The primary function of domain controllers is to validate users to the network. However, domain controllers also provide the catalog of Active Directory objects to users on the network.
Child domains and the root domain of a tree are assigned transitive trusts. This means that the root domain and child domain trust each other and allow resources in any domain in the tree to be accessed by users in any domain in the tree.
Local user accounts and groups are managed in the Local Users and Groups node in the Server Manager. Local user accounts and groups are used to provide local access to a server.
The Server Manager provides both the interface and access to a large number of the utilities and tools that you will use as you manage your Windows server.
You can access virtual memory settings and the Device Manager via the System Properties dialog box.
The Task Scheduler enables you to schedule the launching of tools such as Windows Backup and Disk Defragmenter.
This stripped-down version of Windows Server 2008 is managed from the command line.
You can install Windows Server 2008 on a server not currently configured with NOS, or you can upgrade existing servers running Windows 2000 Server and Windows Server 2003.
You can select to have activation happen automatically when the Windows Server 2008 installation is complete. Make sure that the Automatically Activate Windows When I'm Online check box is selected on the Product Key page.
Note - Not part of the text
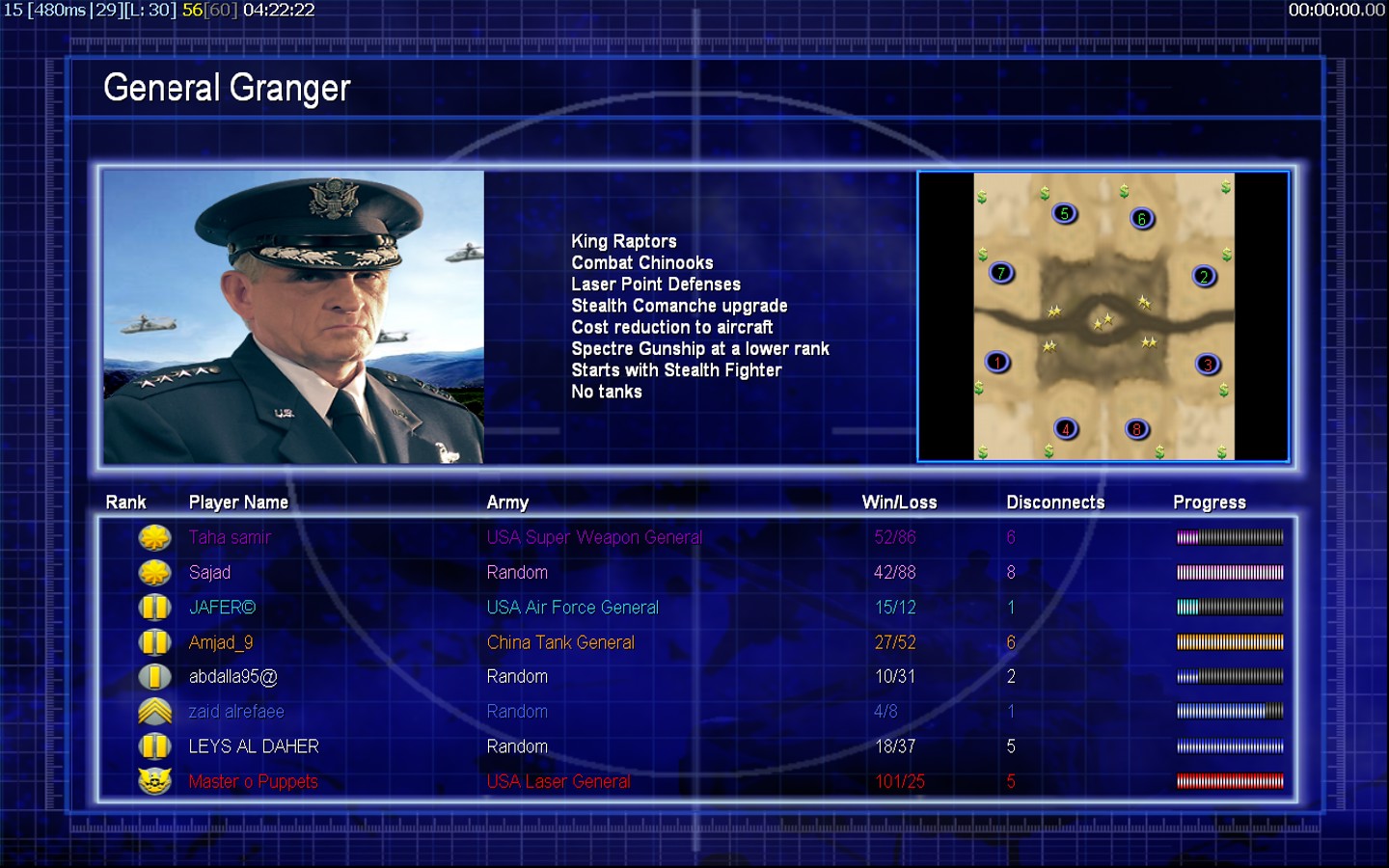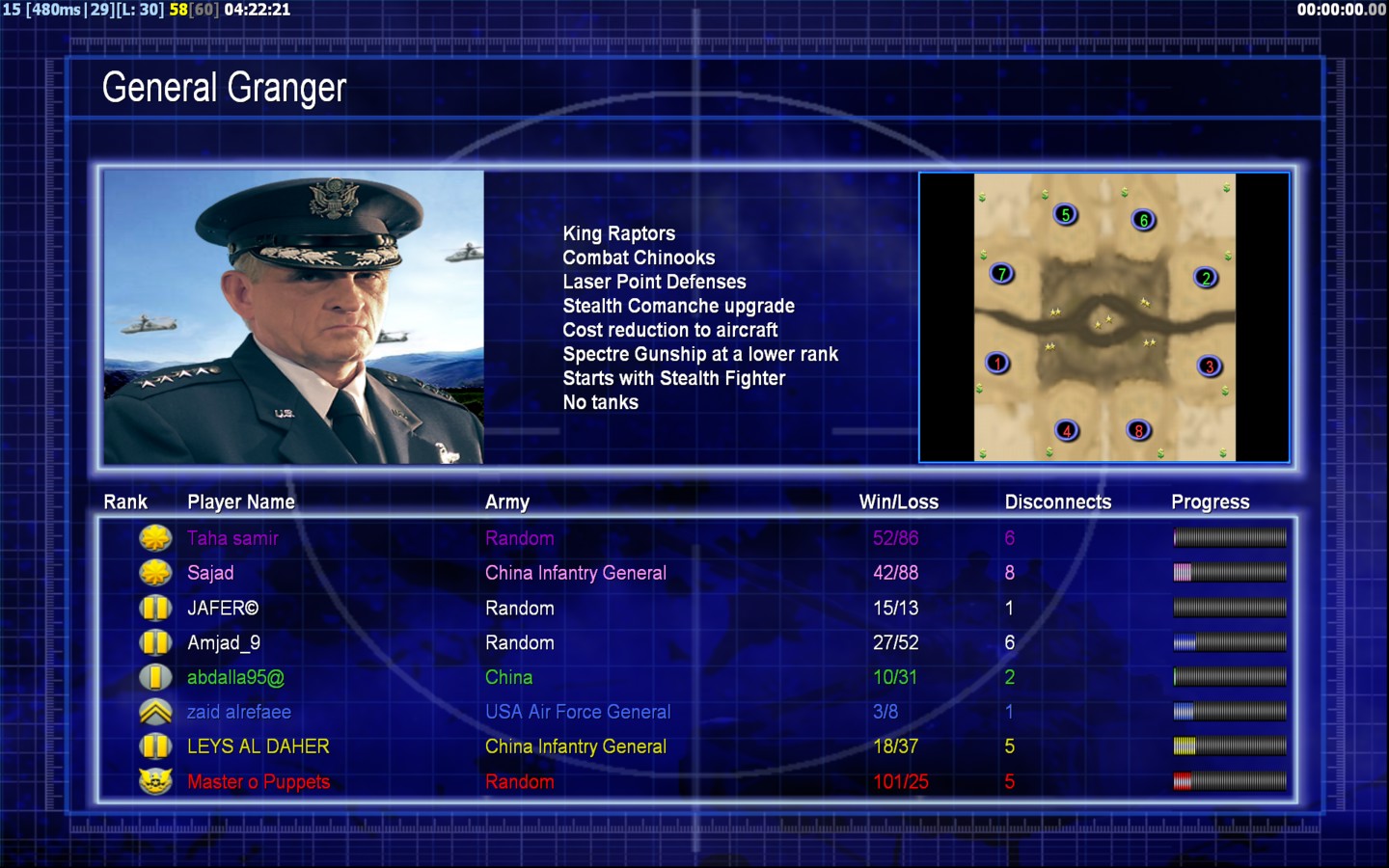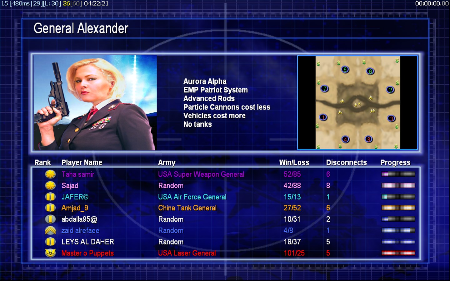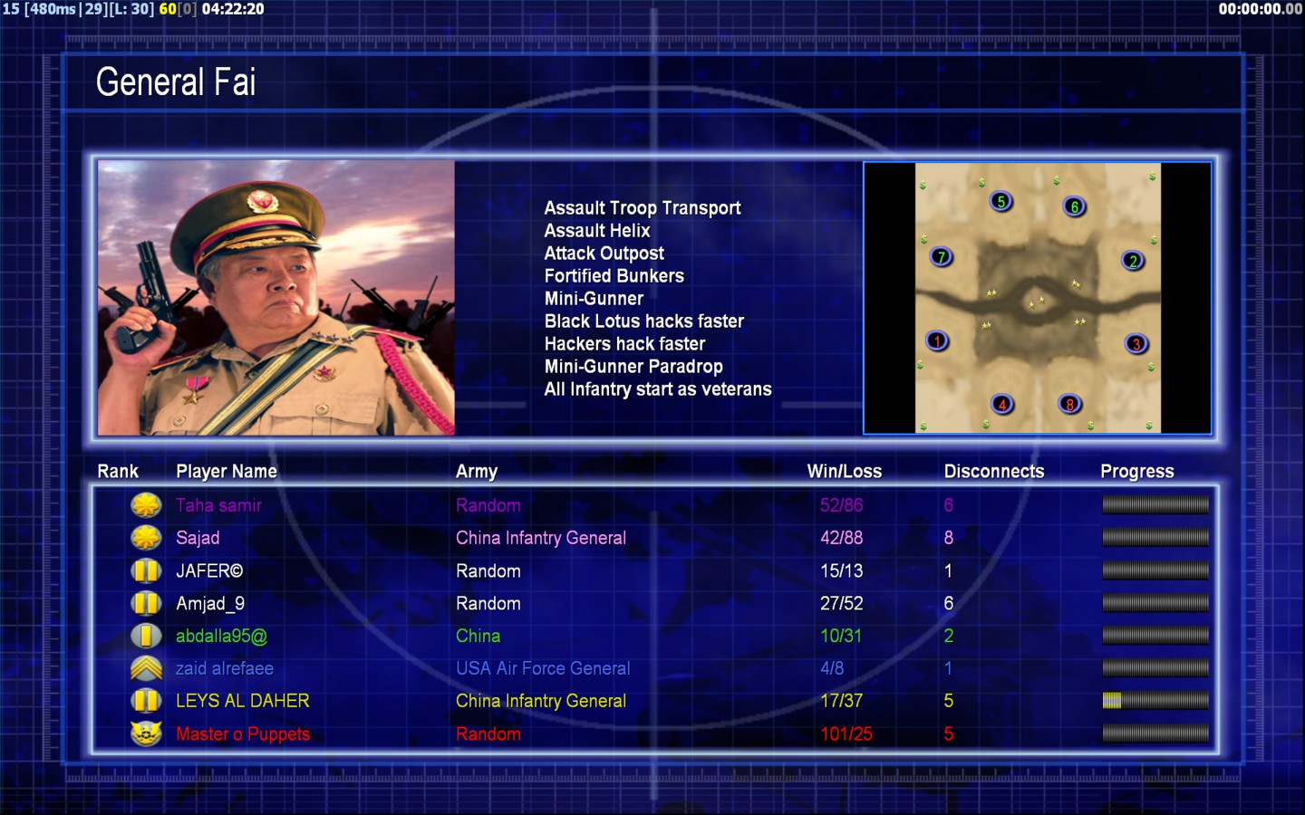 | Namezaid alrefaee | Side | Color | Team1 | Starting Position2 | Buildings Built25 | Buildings Lost21 | Buildings Destroyed5 | Units Built60 | Units Lost104 | Units Destroyed12 | Money Earned39900 | OutcomeLost |

Any server on which you will install Windows Server 2008 should have at least the minimum hardware requirement for running the network operating system. Server hardware should also be on the Windows Server 2008 Hardware Compatibility List to avoid the possibility of hardware and network operating system incompatibility.
The entry-level version of Windows Server 2008 is the Standard Edition. The Enterprise Edition provides a platform for large enterprisewide networks. The Datacenter Edition provides support for unlimited Hyper-V virtualization and advanced clustering services. The Web Edition is a scaled-down version of Windows Server 2008 intended for use as a dedicated web server. The Standard, Enterprise, and Datacenter Editions can be purchased with or without the Hyper-V virtualization technology.
Windows Server 2008 now provides a desktop environment similar to Microsoft Windows Vista and includes tools also found in Vista, such as the new backup snap-in and the BitLocker drive encryption feature. Windows Server 2008 also provides the new IIS7 web server and the Windows Deployment Service.